▶ **Work order**:
An exact copy of every record, with no pictures, please.

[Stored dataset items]
####################

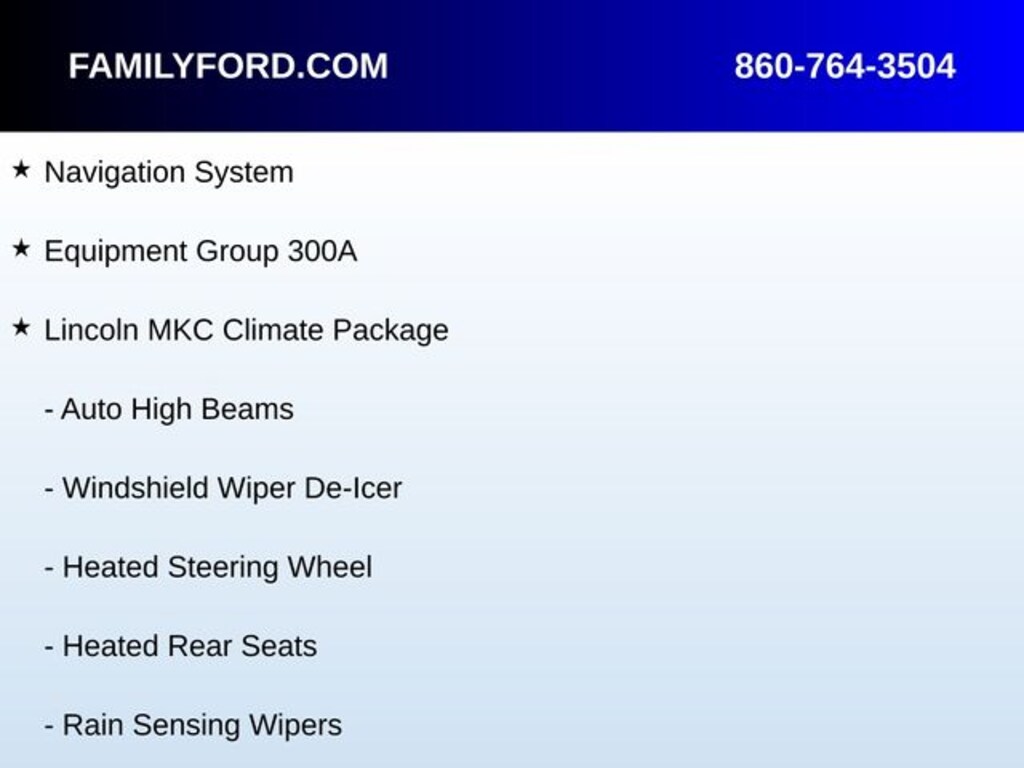 Auto High Beams, Automatic temperature control, Delay-off headlights, Equipment Group 300A, Exterior Parking Camera Rear, Front dual zone A/C, Front fog lights, Fully automatic headlights, Heated door mirrors, Heated front seats, Heated Rear Seats, Heated Steering Wheel, Lincoln MKC Climate Package, Memory seat, Navigation System, Power door mirrors, Power driver seat, Power Liftgate, Power moonroof: Vista Roof, Power passenger seat, Radio: Audio System w/Single CD/MP3/Navigation, Rain Sensing Wipers, SiriusXM Radio, Speed control, Speed-Sensitive Wipers, Steering wheel mounted audio controls, SYNC 3 Communications & Entertainment System, Ventilated front seats, Wheels: 19" Premium Painted 5-Spoke Aluminum, Windshield Wiper De-Icer.
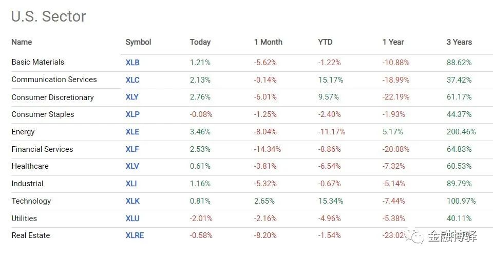 (1)美股板块涨跌幅
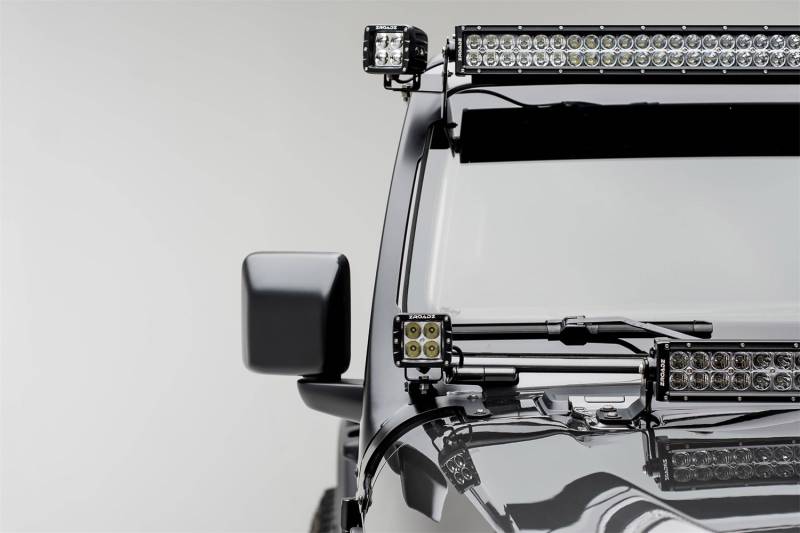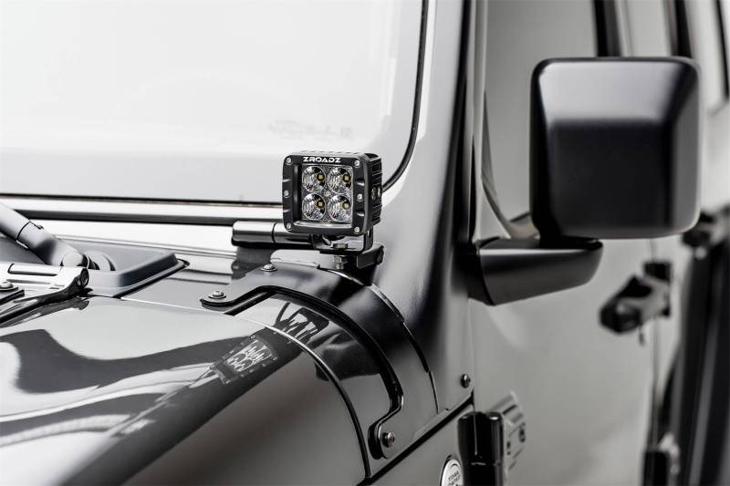 ZROADZ Jeep Wrangler Roof LED Mounts are the most robust roof mount light brackets on the market. Manufactured from laser cut 1/8 in. mild steel, and formed on engineered metal stamping dies. This industry exclusive design allows the roof brackets to contour to the A-Pillar of your Jeep and provide a clean appearance when installed. ZROADZ roof brackets and kits feature heavy duty solid rubber gasket for a secure and vibration free installation. ZROADZ Roof LED Mounts are available in complete kits with light and wiring harness, or as brackets only for mounting common and popular LED light bars. ZROADZ Front Roof LED Mounts are designed and made in USA.
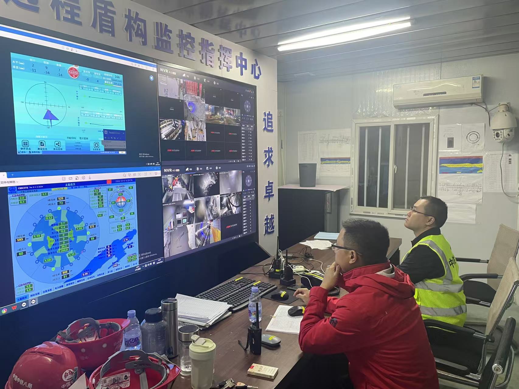 为保障盾构掘进施工安全、质量、进度,项目部上下齐心、群策群力,提前分析研判区间地质条件,多次组织召开专家研讨会,有针对性地选择适合该地质条件的刀具、制定保障措施,确保施工生产安全。同时,为确保盾构机安全平稳推进,项目部充分运用趋势控制法合理设置掘进参数,满仓掘进保障土仓压力,渣土、同步注浆执行“双控”制度避免超方;严格执行领导带班、三级交底、施工旁站、施工预警等制度,压紧压实各管理层级责任,确保施工本质安全。在全体员工的共同努力下,盾构机在预设场地精准出洞,实现区间全过程“零预警、零沉降”的目标。
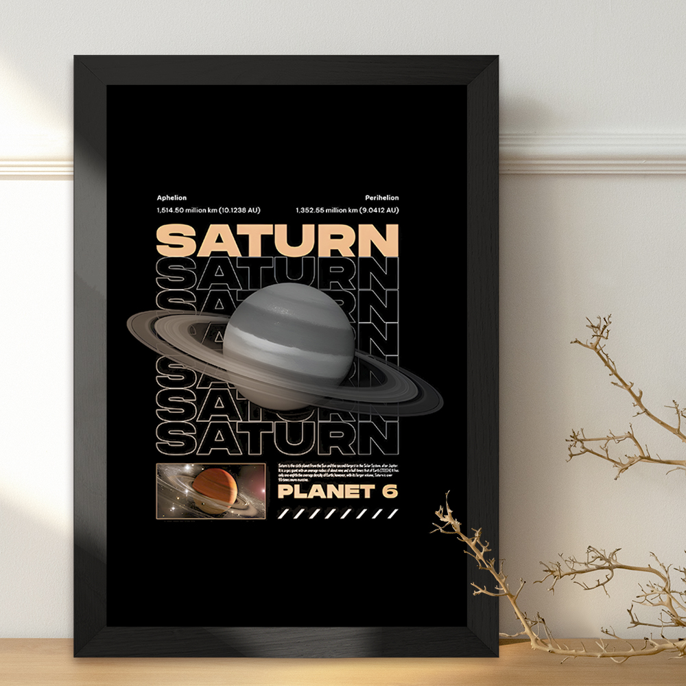 تابلو یا قاب عکس زحل (Saturn) خندالو در ابعاد مختلف با استفاده از بهترین برند پروفیل پی وی سی دو سانتی متری بسیار مرغوب، تولید شده اند و در مونتاژ و نصب آنها نهایت دقت در قرارگیری هر چه دقیق تر لبه ها به یکدیگر صورت گرفته است. همچنین در پشت قاب ها گیره ای برای اتصال راحت به دیوار تعبیه شده است. چاپ طرح تابلوی زحل (Saturn) با بالاترین کیفیت بوسیله چاپگرهای دیجیتال شش رنگ و کاغذ با کیفیت عکاسی انجام شده و بر روی آن شیشه ای با کیفیت و شفاف در سطح قاب قرار گرفته که از کاغذ عکس محافظت میکند. بسته بندی تابلوها جعبه های مقاوم و محکمی بوده که علاوه بر محافظتی که از بدنه قاب می کند، ظاهر جذابی دارد و تابلوی زحل (Saturn) را بدل به محصولی مناسب هدیه کرده است. تابلوهای خندالو با تنوع طرحی بسیار بالا شامل تابلو های دکوراتیو قابل استفاده در اتاق کودک، محل کار و منازل می باشد که سلیقه هر مخاطبی را پوشش می دهد، ضمن اینکه امکان تعویض عکس موجود در قاب وجود داشته و می توان عکس های خانوادگی و … را نیز در آن قرار داد.
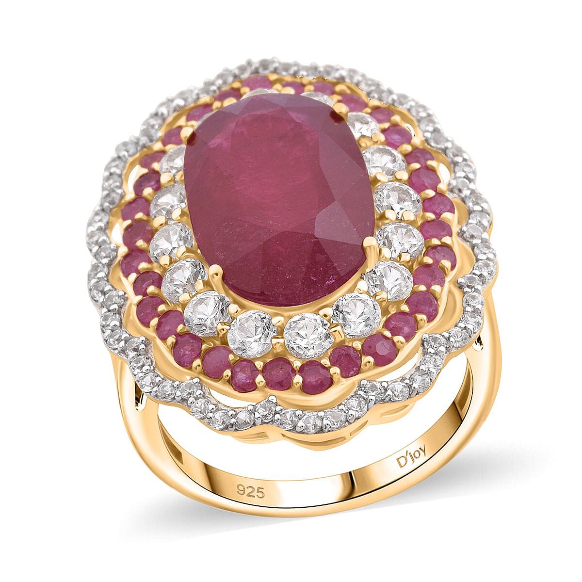 Premium Niassa Ruby (FF) and White Zircon 13.75 ctw Floral Halo Ring in 18K Vermeil Yellow Gold Over Sterling Silver (Size 6.0)
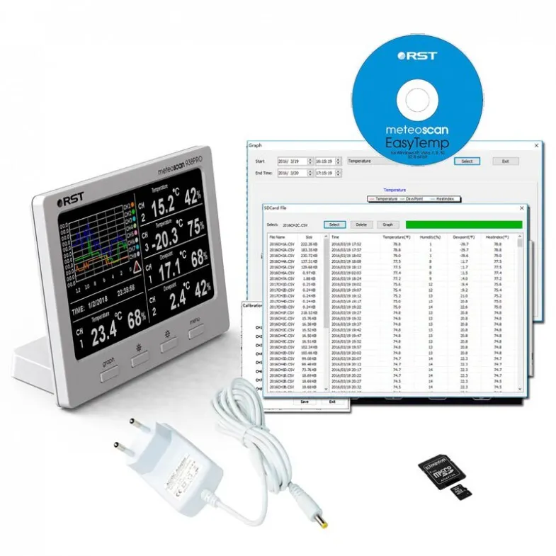 Дополнительные функции: Календарь, Определение точки росы, Регистрация макc/мин. значений температуры, Сохранение температурных значений, Часы
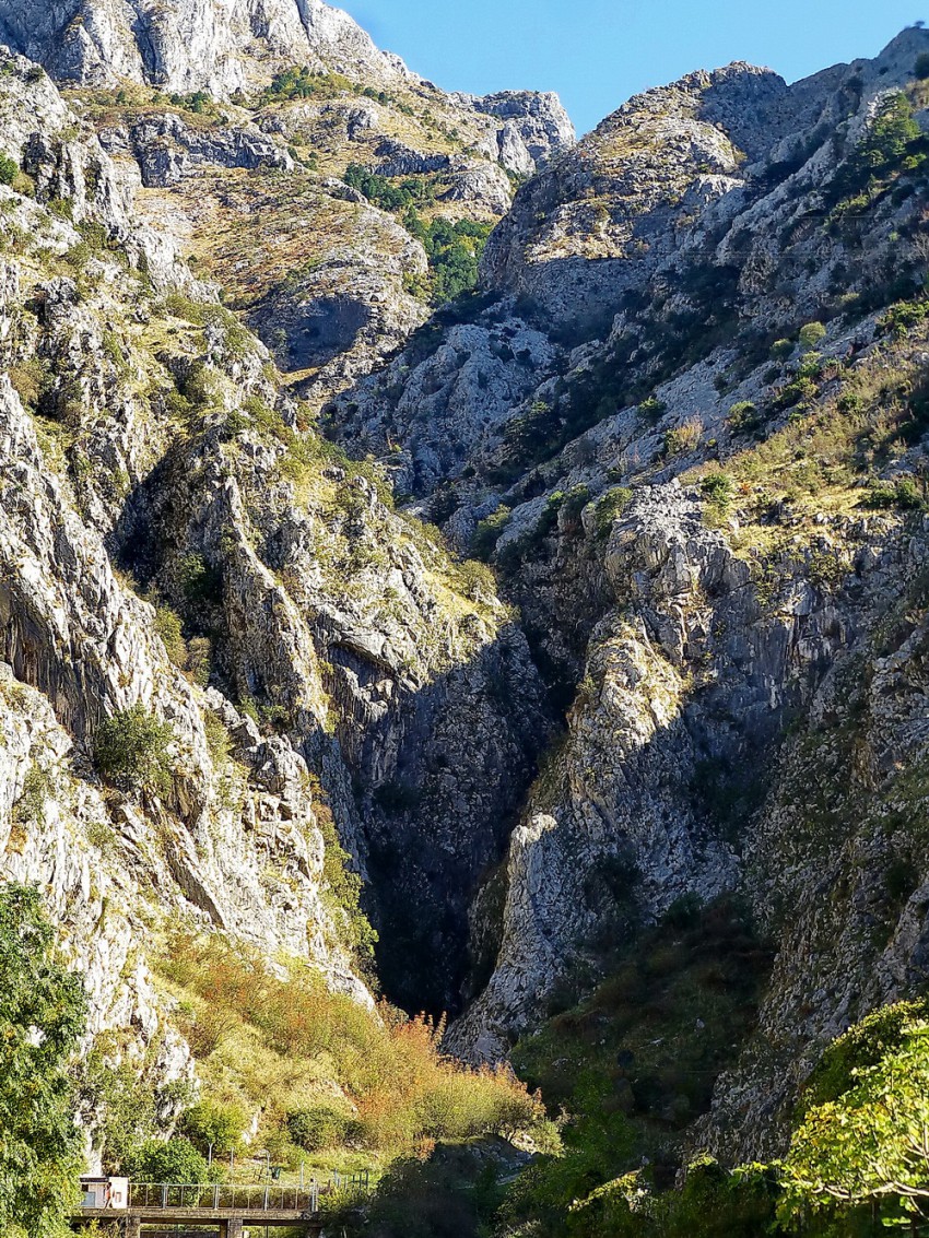 Наш путь лежал вдоль крепостной стены и реки Шкудра. Эта река впадает в Боко-Каторский залив. Её протяженность составляет около двух километров, а ширина порядка 30 метров. На протяжении длительного времени в Средние века эта река вместе с крепостными стенами имела стратегическое значение для защиты и обороны города. В настоящее время — это просто красивый и чистый водоём с водой бирюзового цвета, оттенок которого меняется в зависимости от времени суток.

####################

▶ **Answer space**:
 Auto High Beams, Automatic temperature control, Delay-off headlights, Equipment Group 300A, Exterior Parking Camera Rear, Front dual zone A/C, Front fog lights, Fully automatic headlights, Heated door mirrors, Heated front seats, Heated Rear Seats, Heated Steering Wheel, Lincoln MKC Climate Package, Memory seat, Navigation System, Power door mirrors, Power driver seat, Power Liftgate, Power moonroof: Vista Roof, Power passenger seat, Radio: Audio System w/Single CD/MP3/Navigation, Rain Sensing Wipers, SiriusXM Radio, Speed control, Speed-Sensitive Wipers, Steering wheel mounted audio controls, SYNC 3 Communications & Entertainment System, Ventilated front seats, Wheels: 19" Premium Painted 5-Spoke Aluminum, Windshield Wiper De-Icer.
 (1)美股板块涨跌幅
 ZROADZ Jeep Wrangler Roof LED Mounts are the most robust roof mount light brackets on the market. Manufactured from laser cut 1/8 in. mild steel, and formed on engineered metal stamping dies. This industry exclusive design allows the roof brackets to contour to the A-Pillar of your Jeep and provide a clean appearance when installed. ZROADZ roof brackets and kits feature heavy duty solid rubber gasket for a secure and vibration free installation. ZROADZ Roof LED Mounts are available in complete kits with light and wiring harness, or as brackets only for mounting common and popular LED light bars. ZROADZ Front Roof LED Mounts are designed and made in USA.
 为保障盾构掘进施工安全、质量、进度,项目部上下齐心、群策群力,提前分析研判区间地质条件,多次组织召开专家研讨会,有针对性地选择适合该地质条件的刀具、制定保障措施,确保施工生产安全。同时,为确保盾构机安全平稳推进,项目部充分运用趋势控制法合理设置掘进参数,满仓掘进保障土仓压力,渣土、同步注浆执行“双控”制度避免超方;严格执行领导带班、三级交底、施工旁站、施工预警等制度,压紧压实各管理层级责任,确保施工本质安全。在全体员工的共同努力下,盾构机在预设场地精准出洞,实现区间全过程“零预警、零沉降”的目标。
 تابلو یا قاب عکس زحل (Saturn) خندالو در ابعاد مختلف با استفاده از بهترین برند پروفیل پی وی سی دو سانتی متری بسیار مرغوب، تولید شده اند و در مونتاژ و نصب آنها نهایت دقت در قرارگیری هر چه دقیق تر لبه ها به یکدیگر صورت گرفته است. همچنین در پشت قاب ها گیره ای برای اتصال راحت به دیوار تعبیه شده است. چاپ طرح تابلوی زحل (Saturn) با بالاترین کیفیت بوسیله چاپگرهای دیجیتال شش رنگ و کاغذ با کیفیت عکاسی انجام شده و بر روی آن شیشه ای با کیفیت و شفاف در سطح قاب قرار گرفته که از کاغذ عکس محافظت میکند. بسته بندی تابلوها جعبه های مقاوم و محکمی بوده که علاوه بر محافظتی که از بدنه قاب می کند، ظاهر جذابی دارد و تابلوی زحل (Saturn) را بدل به محصولی مناسب هدیه کرده است. تابلوهای خندالو با تنوع طرحی بسیار بالا شامل تابلو های دکوراتیو قابل استفاده در اتاق کودک، محل کار و منازل می باشد که سلیقه هر مخاطبی را پوشش می دهد، ضمن اینکه امکان تعویض عکس موجود در قاب وجود داشته و می توان عکس های خانوادگی و … را نیز در آن قرار داد.
 Premium Niassa Ruby (FF) and White Zircon 13.75 ctw Floral Halo Ring in 18K Vermeil Yellow Gold Over Sterling Silver (Size 6.0)
 Дополнительные функции: Календарь, Определение точки росы, Регистрация макc/мин. значений температуры, Сохранение температурных значений, Часы
 Наш путь лежал вдоль крепостной стены и реки Шкудра. Эта река впадает в Боко-Каторский залив. Её протяженность составляет около двух километров, а ширина порядка 30 метров. На протяжении длительного времени в Средние века эта река вместе с крепостными стенами имела стратегическое значение для защиты и обороны города. В настоящее время — это просто красивый и чистый водоём с водой бирюзового цвета, оттенок которого меняется в зависимости от времени суток.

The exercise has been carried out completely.